Malgré la volonté affichée d'améliorer le taux brut de scolarisation ainsi que les capacités d'accueil dans l'enseignement primaire, et même si l'investissement dans le primaire double grâce à l'aide internationale, la part du primaire diminue au profit de l’enseignement supérieur général et technique (cf. Tableau n° 46).

Tableau n° 46 : Dépenses publiques d'éducation, 1981-2000.

(moyenne annuelle) 1981-84 1985-89 1990-93 1994-98 2000 (*)

Dépenses courantes et d'investissement (% PIB)

35,0 34,4 32,1 26

Education 11,0 na 7,0 4,9 5,4

Répartition fonctionnelle

(en % du budget total d’Education)

1991-93 1994-98

Dépenses de personnel 78 66

Autres dép de fonctionnement 6 10

Transferts et subventions 14 14

Investissement 3 10

Répartition sectorielle

(en % du budget total d’Education)

1991-93 1994-98

Primaire 49 46

Secondaire général 31 30

Etablissement technique formation prof. 6 6

Supérieur général 10 13

Supérieur technique 5 6

(*) objectif initiative HIPC

Source : World Bank (1990), (1998).

Tableau n°47 : Fonctionnement hors salaires et transferts par étudiant, 1992-96.

FCFA constant 1992 1992 1996 96/92

Primaire 2 879 1 461 51%

Secondaire général 8 131 3 111 38%

Etablissement technique formation prof. 112 061 22 898 20%

Supérieur général 56 514 45 245 80%

Supérieur technique 919 018 397 714 43%

Source : Laurent (1998).

Malgré des mesures drastiques de réduction des dépenses dans le supérieur notamment par une réforme des transferts sociaux, la privatisation de certains restaurants universitaires, la fin des subventions de transport et la suppression du centre national des œuvres universitaires, l'enseignement supérieur occupe une place croissante dans le système éducatif public ivoirien.

Cela s'explique par l'explosion des effectifs d'étudiants (accroissement de 131 pour cent des effectifs universitaires entre 1990 et 1995 ; Laurent, 1998) à laquelle le gouvernement ivoirien a du faire face par la construction de nouveaux campus. Cependant les étudiants du supérieur ont des difficultés à trouver un emploi. Dans la mesure où ce système était historiquement créé pour former le personnel administratif, que l'emploi public est quasiment gelé et que l'emploi salarié privé moderne a diminué60, le chômage touche fortement les diplômés de l'enseignement supérieur. Une plus grande adéquation entre l'enseignement fourni et la demande de qualification sur le marché du travail doit être trouvée.
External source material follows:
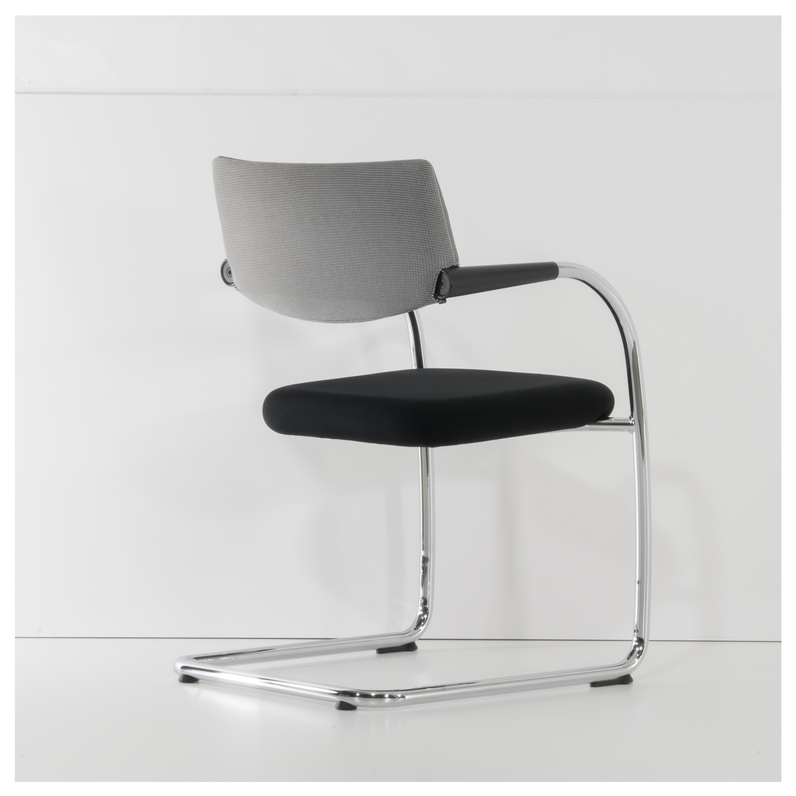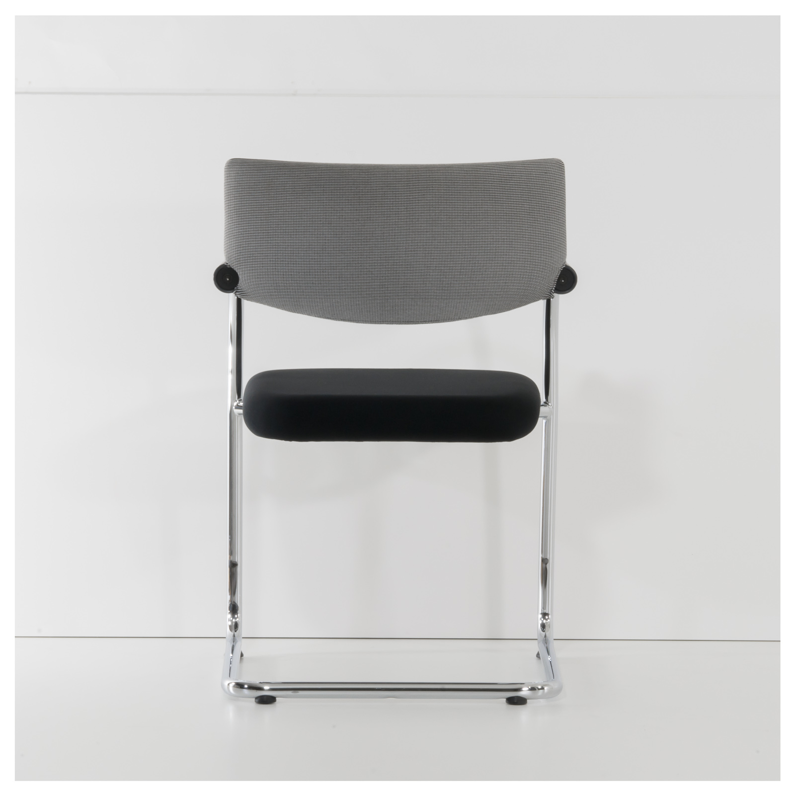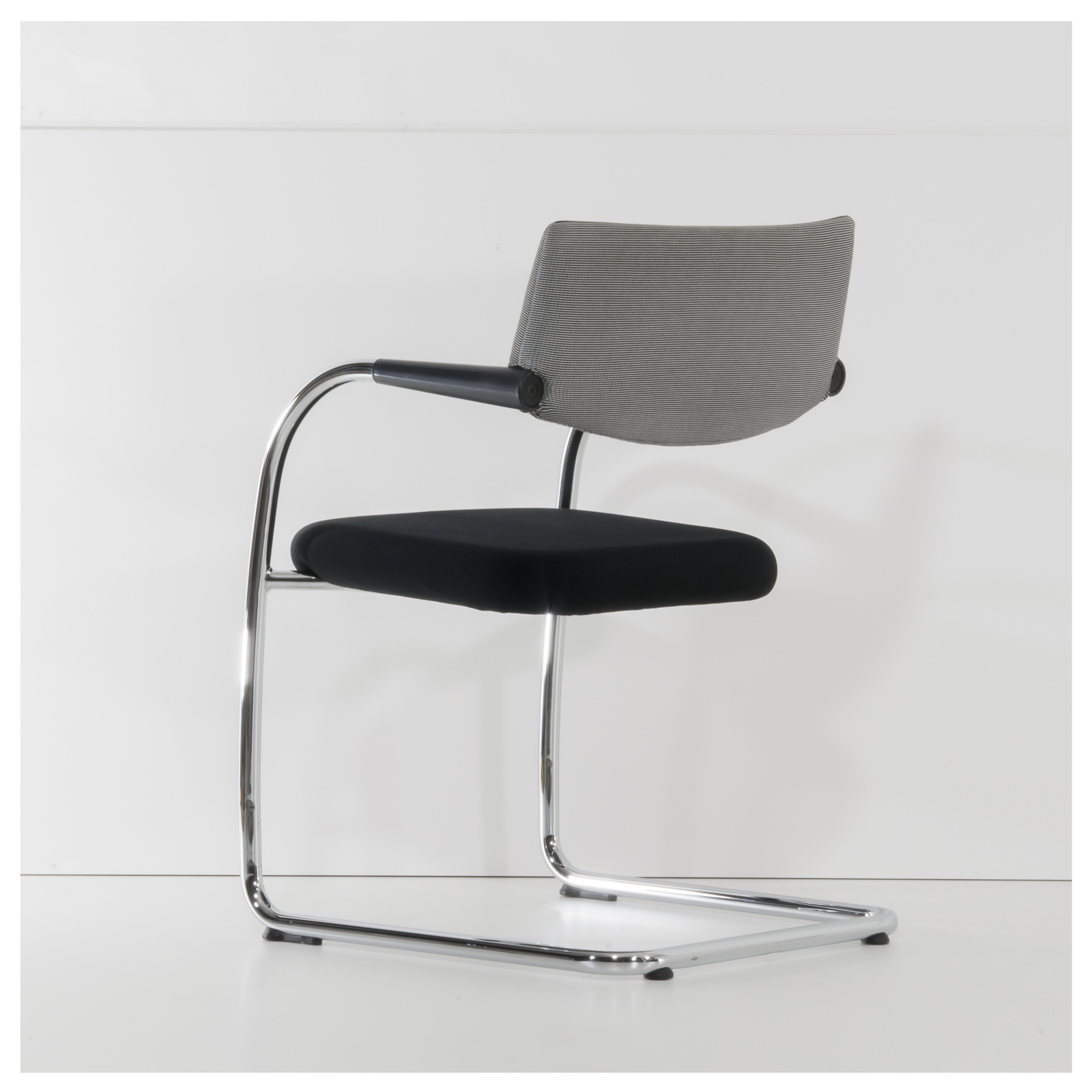 Konferenzstuhl mit gepolsteter Sitz- und Rückenfläche flexible Kunststofflehne mit integrierten Armlehnen abnehmbares Rückenpolster Freischwingergestell aus Stahlrundrohr Bodengleiter aus Kunststoff Designer: Antonio Citterio |
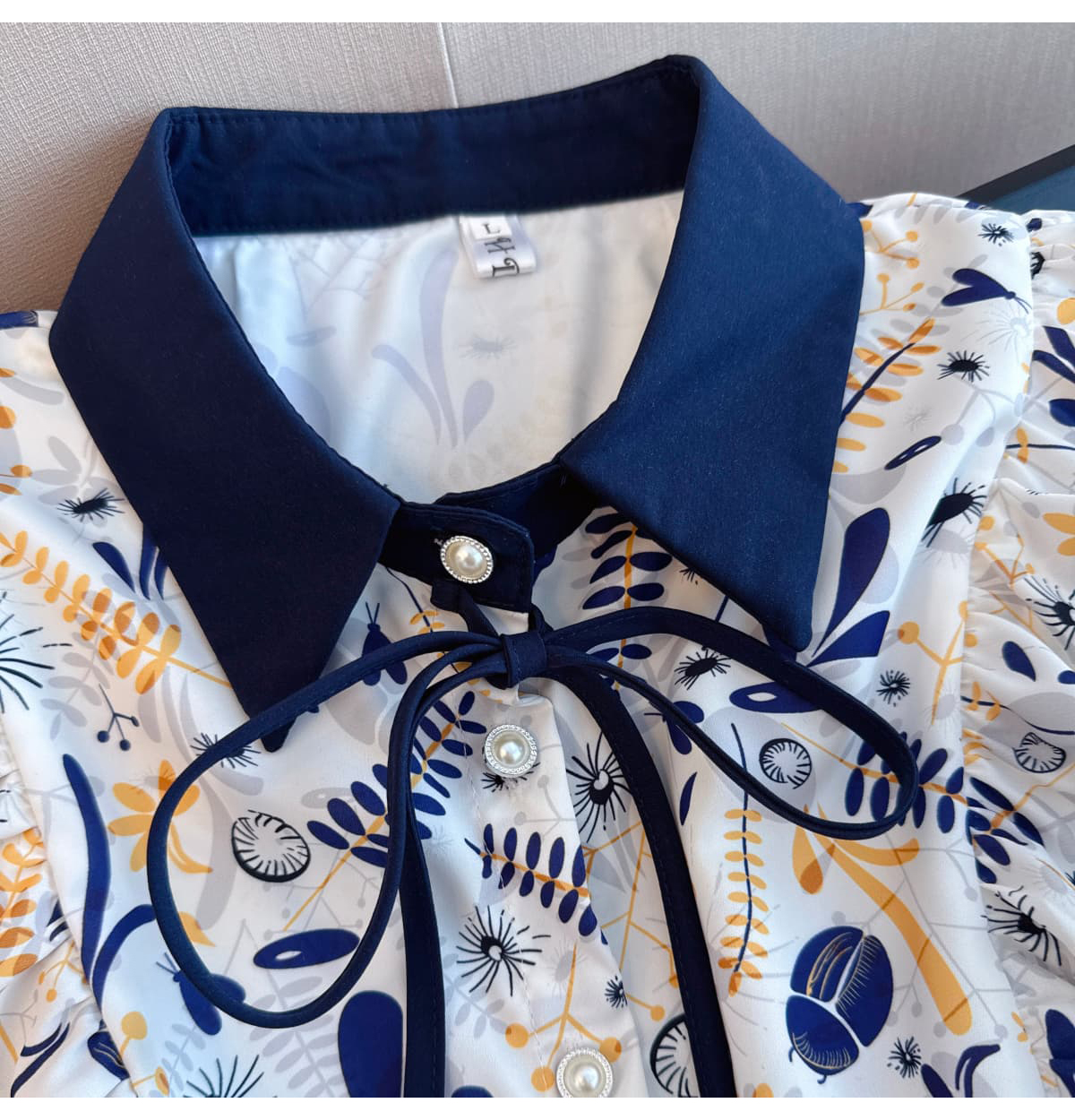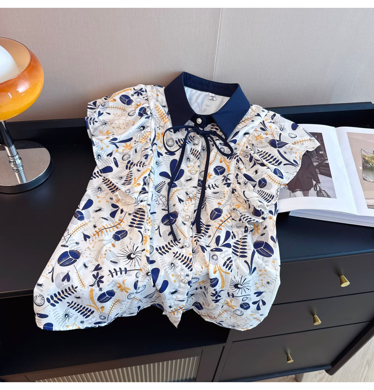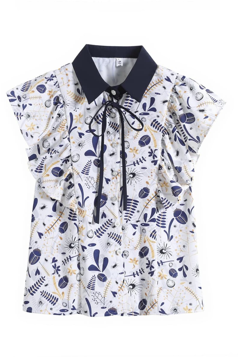 실사 슬림해 보이는 반팔 프린트 셔츠 품질 패션 Feifei 소매 쉬폰 블라우스 나비 넥타이 셔츠

Dans le cas où des efforts supplémentaires ne seraient pas consentis dans le primaire, le taux d'alphabétisation atteindrait, en 2025, seulement 50 pour cent de la population des 15 ans et plus. Du fait du faible coût d'accès pour les étudiants à l'enseignement supérieur, et des écarts de coûts unitaires entre les enseignements primaire, secondaire et supérieur, les dépenses publiques sont très inégalement réparties entre les ménages : le premier quintile de revenu reçoit 10 pour cent des dépenses publiques d'éducation alors que le dernier quintile en reçoit 37 pour cent (Laurent, 1998). Par ailleurs, on a montré que le coût d'opportunité de scolarisation des enfants chez les catégories pauvres de la population est important et que la distance à l'école pèse négativement dans la demande d'éducation des populations rurales (de Vreyer, 1993).
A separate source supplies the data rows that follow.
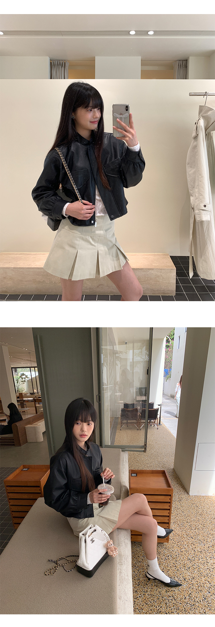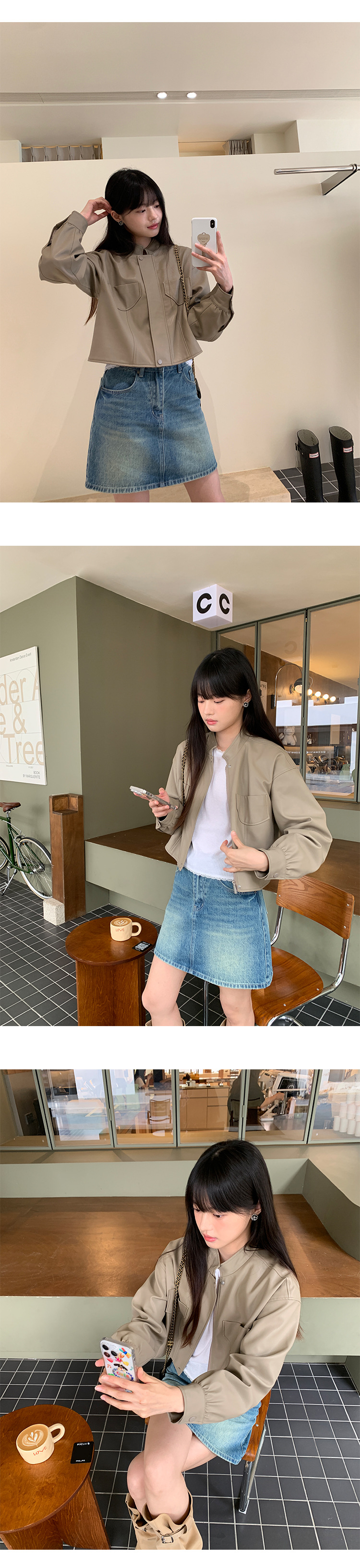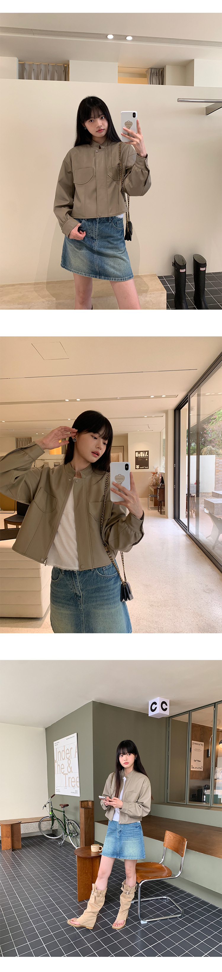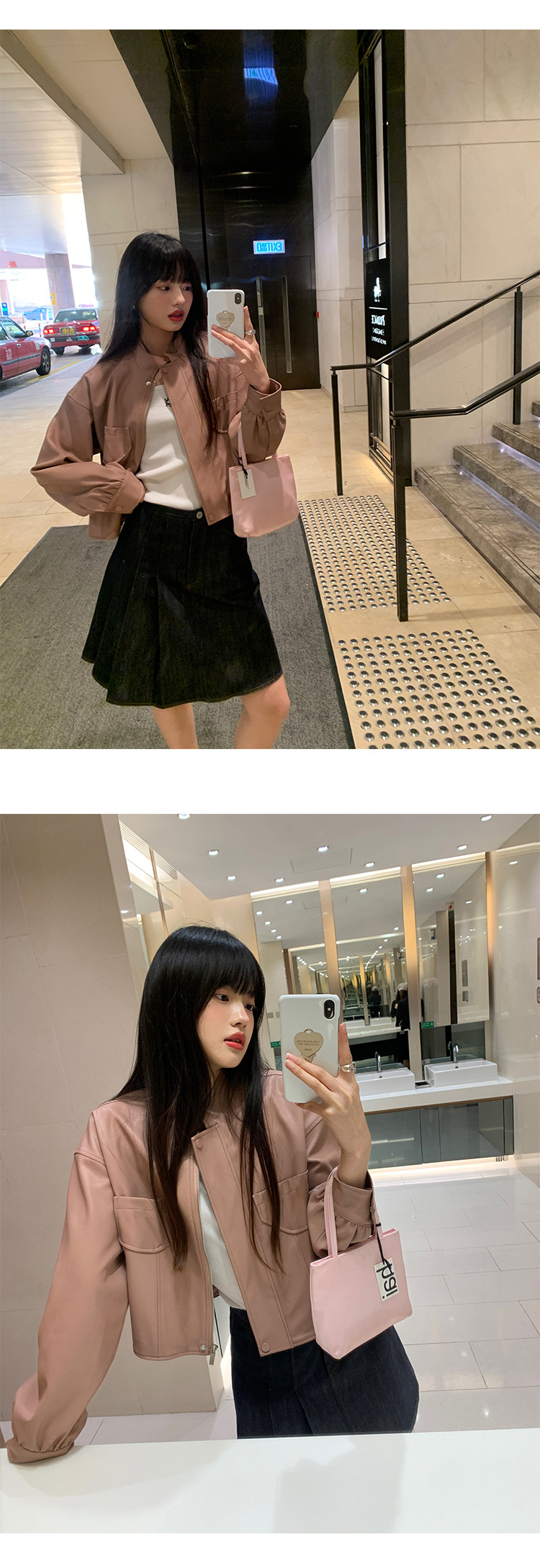 AlloFu 십삼행 신상 여성복 스탠드 칼라 하이 스트리트 쿨하고 멋진 가죽 자켓 여성 캐주얼 상의 22605스토어 가기
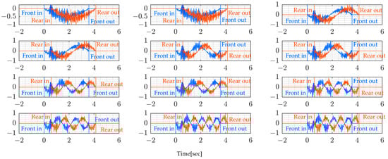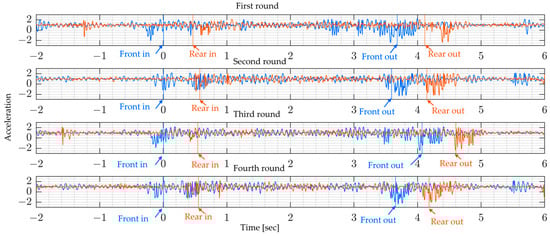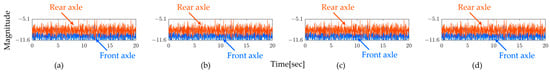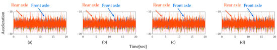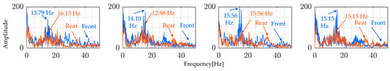 The sampling rate of the sensor used is . The following figures present the measurement signals which show 1 G (gravitational acceleration) data upward shift due to the sensor settings. Figure 13 shows the vehicle’s measured vertical acceleration for the front and rear axle, and Figure 14 shows the frequency content of the measured vehicle’s vertical acceleration of all four rounds for 6 s duration.
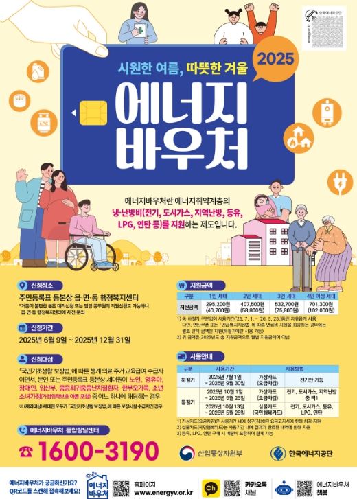 지원 금액은 세대원 수에 따라 차등 지원되며, 하·동절기 합산 1인 세대 295,200원부터 4인 이상 세대 701,300원이다.

Une plus grande orientation du budget public vers le primaire s'impose donc. Un système redistributif de bourses vers les couches les plus défavorisées doit être renforcé ainsi que la prise en charge des coûts de l'enseignement supérieur par les familles les plus favorisées. De même, afin de lutter contre la pauvreté, le gouvernement ainsi que les bailleurs de fonds doivent s'inquiéter d'une meilleure allocation de l'offre en éducation sur le territoire ivoirien.